**TASK**: Reproduce every record verbatim but drop the pictures.

'''

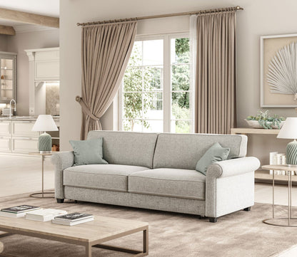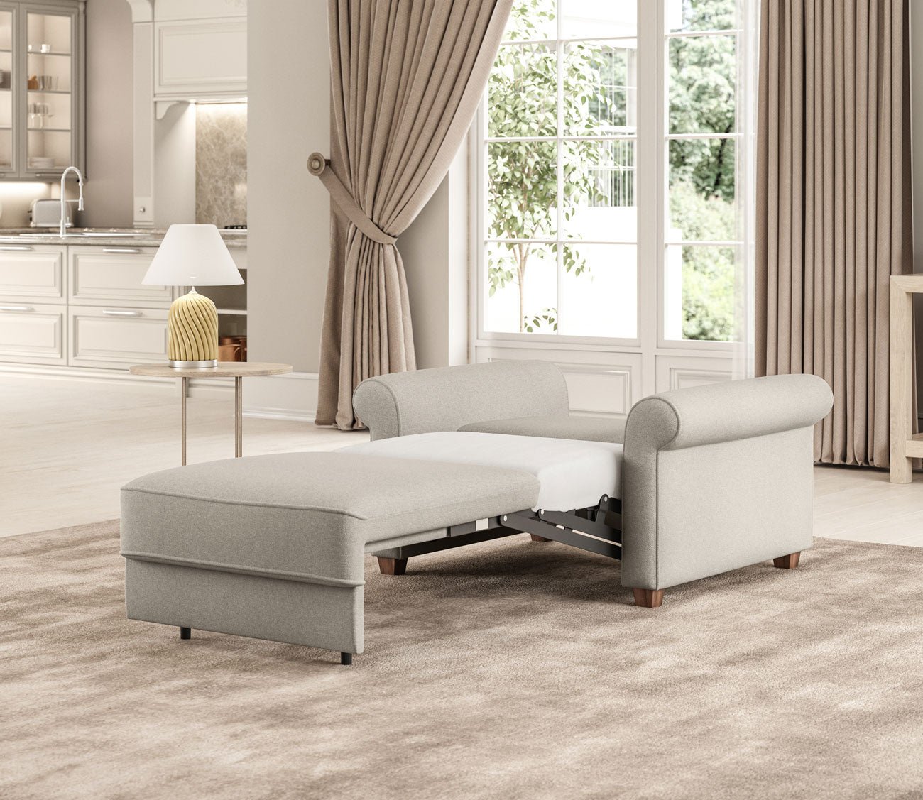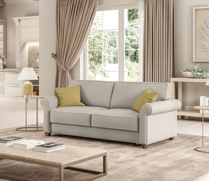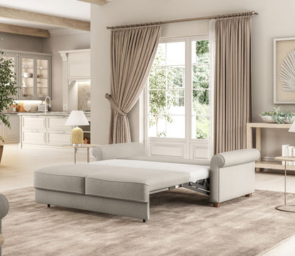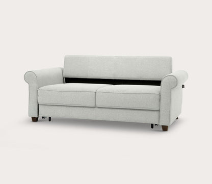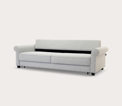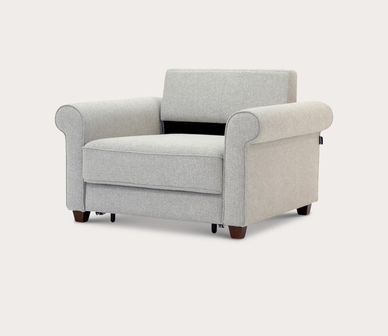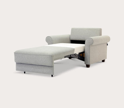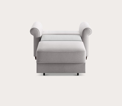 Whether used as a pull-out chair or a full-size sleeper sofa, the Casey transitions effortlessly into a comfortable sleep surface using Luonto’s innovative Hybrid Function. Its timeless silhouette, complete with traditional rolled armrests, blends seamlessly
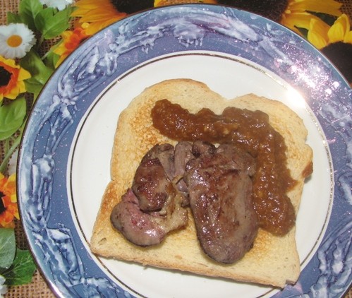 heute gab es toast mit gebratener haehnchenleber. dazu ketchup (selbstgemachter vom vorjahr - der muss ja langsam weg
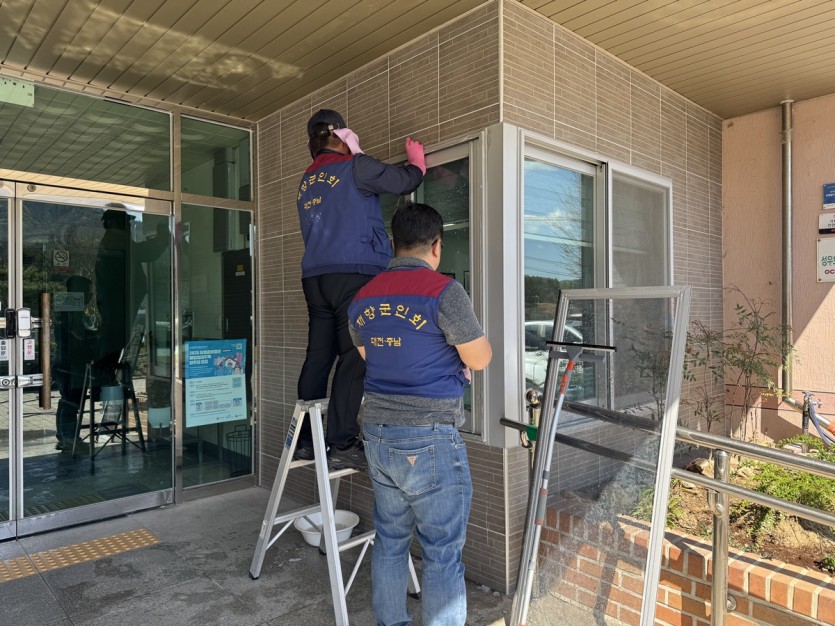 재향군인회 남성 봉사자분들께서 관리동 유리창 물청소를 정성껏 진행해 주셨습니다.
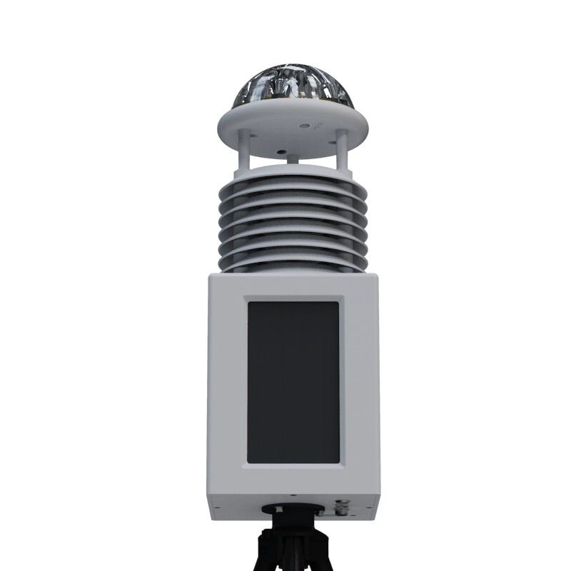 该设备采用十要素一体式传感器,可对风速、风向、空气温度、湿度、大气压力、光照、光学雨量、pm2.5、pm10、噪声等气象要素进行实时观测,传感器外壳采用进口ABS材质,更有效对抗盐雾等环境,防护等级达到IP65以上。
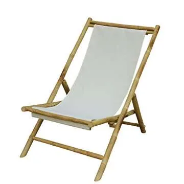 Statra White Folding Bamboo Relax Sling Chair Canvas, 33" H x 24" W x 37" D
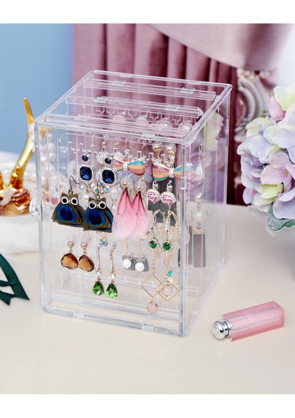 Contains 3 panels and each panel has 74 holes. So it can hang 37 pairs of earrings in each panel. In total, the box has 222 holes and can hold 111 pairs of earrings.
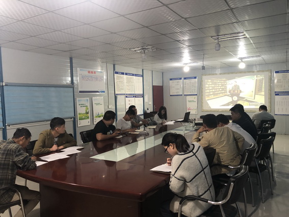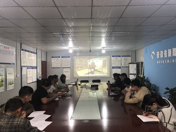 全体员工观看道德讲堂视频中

'''

**EXERCISE SOLUTION**:
 Whether used as a pull-out chair or a full-size sleeper sofa, the Casey transitions effortlessly into a comfortable sleep surface using Luonto’s innovative Hybrid Function. Its timeless silhouette, complete with traditional rolled armrests, blends seamlessly
 heute gab es toast mit gebratener haehnchenleber. dazu ketchup (selbstgemachter vom vorjahr - der muss ja langsam weg
 재향군인회 남성 봉사자분들께서 관리동 유리창 물청소를 정성껏 진행해 주셨습니다.
 该设备采用十要素一体式传感器,可对风速、风向、空气温度、湿度、大气压力、光照、光学雨量、pm2.5、pm10、噪声等气象要素进行实时观测,传感器外壳采用进口ABS材质,更有效对抗盐雾等环境,防护等级达到IP65以上。
 Statra White Folding Bamboo Relax Sling Chair Canvas, 33" H x 24" W x 37" D
 Contains 3 panels and each panel has 74 holes. So it can hang 37 pairs of earrings in each panel. In total, the box has 222 holes and can hold 111 pairs of earrings.
 全体员工观看道德讲堂视频中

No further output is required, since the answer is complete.